Why benchmark?
A great metric in isolation is meaningless. Benchmarking puts your design next to known references so 'good' has a number. CrystalSim's Benchmarks module compares your saved designs against published silicon (Apple M4, NVIDIA H100, Intel Lunar Lake) and against research devices (Tokyo InGaOx GAA, Georgia Tech piezotronic).
Match metric to application
- AI workloads (datacenter): TOPS, perf/area, memory bandwidth. - Mobile / edge AI: TOPS/W first, then TOPS/mm². - High-performance computing: raw FLOPS, sustained perf/W under load, thermal headroom. - IoT / sensors: TOPS/W and quiescent power dominate; absolute throughput barely matters.
Rule: define the application before opening the benchmark page. Otherwise you'll cherry-pick the metric that flatters you.
Exercise — Crystal-EM vs the world
1. Open the Chip Builder, load the Crystal-EM Hybrid template (Templates menu). 2. Run the full test suite in the Test Lab. 3. Open Benchmarks. 4. Stack your design up against Apple M4 and Tokyo InGaOx GAA. 5. Read the radar chart and table side-by-side.
Reading the result
Crystal-EM should typically win on TOPS/W (resonant gating + lower V_dd) and lose on absolute TOPS until volume manufacturing matures (low TRL + small dies).

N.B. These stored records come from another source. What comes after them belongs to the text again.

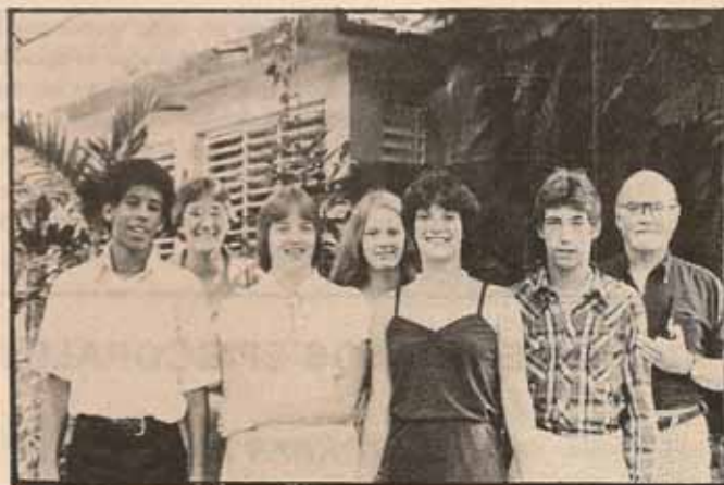
JOVENES DE LA DIOCESIS DE BELEN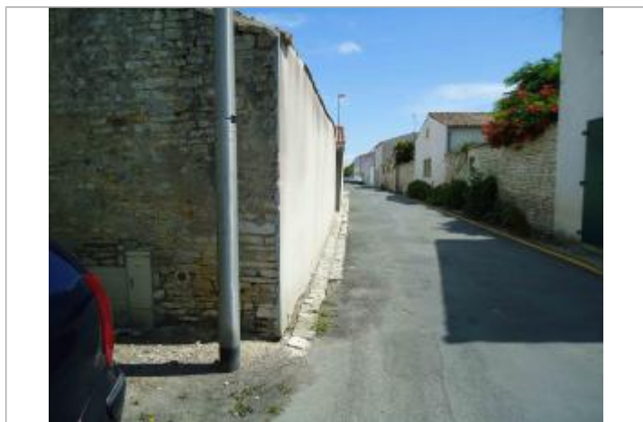
Repère Xynthia - Cours des Poilus

Méthode : GPS Commentaires sur le nivellement : Nivellement réalisé par un géomètre expert Référence nivelée : Marque d'inondation Système altimétrique : NGF IGN 1969 (système normal) Altitude de la référence (en m) : 3.290 m Altitude calculée de l'eau (en m) : 3.29 m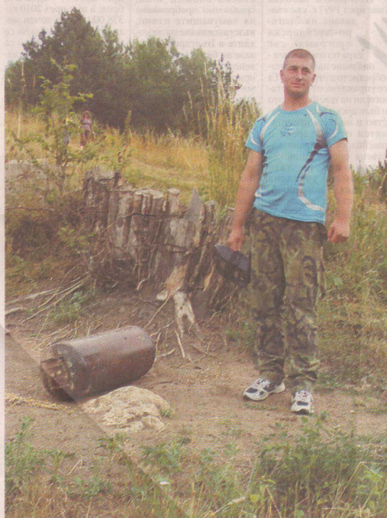
Заим показва хранилка примка за мечки

Пътят за получаване на компенсация в момента започва от подаване на жалба в Главна дирекция по горите, в която се описва какво е станало. Директорът на горското ведомство пуска заповед за създаване на комисия, съгласно закона за лова и защита на дивеча. В нея влизат представители на местната власт, на горското стопанство или РДГ, на РИОСВ, ветеринарен лекар. Те огледат на мястото и правят оглед. Установяват дали шетата е от мечка, после дали имат регистрация убитите животни, кога е станало, дали са взети превантивни мерки, подготвя се протокол, в който всичко се описва, и на негова база се прави предложение до МОСВ за обезщетение.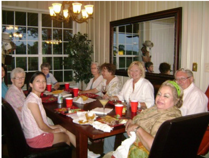
Los Asociados de Houston disfrutaron de una cena antes de empezar con su junta de planeamiento.

La membresía de los Asociados de Houston está creciendo y con el nuevo cambio de liderazgo este retiro ofreció una buena oportunidad para rezar y hacer un poco de pre-planeamiento para el año que empieza. Esta sesión será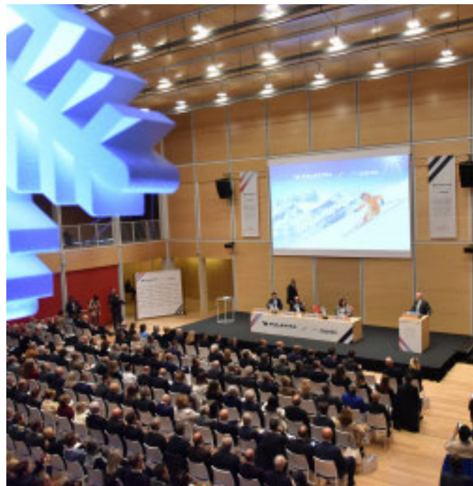
Un momento della presentazione

delle più importanti aree turistiche del mondo e generano un'offerta che si può articolare in tutte le stagioni dell'anno consentendo di raggiungere i 500 km di piste, di superare il limite della stagionalità.

Use that pattern in your write-up: 'Crystal-EM wins where energy is the bottleneck, loses where raw throughput dominates.' That sentence is honest, defensible, and points to the next R&D step.
- Use the Benchmarks module to put your design next to real silicon.
- Match the right metric to the right application.
- Read where Crystal-EM wins and where it still loses.
- Treat benchmarks as questions, not answers.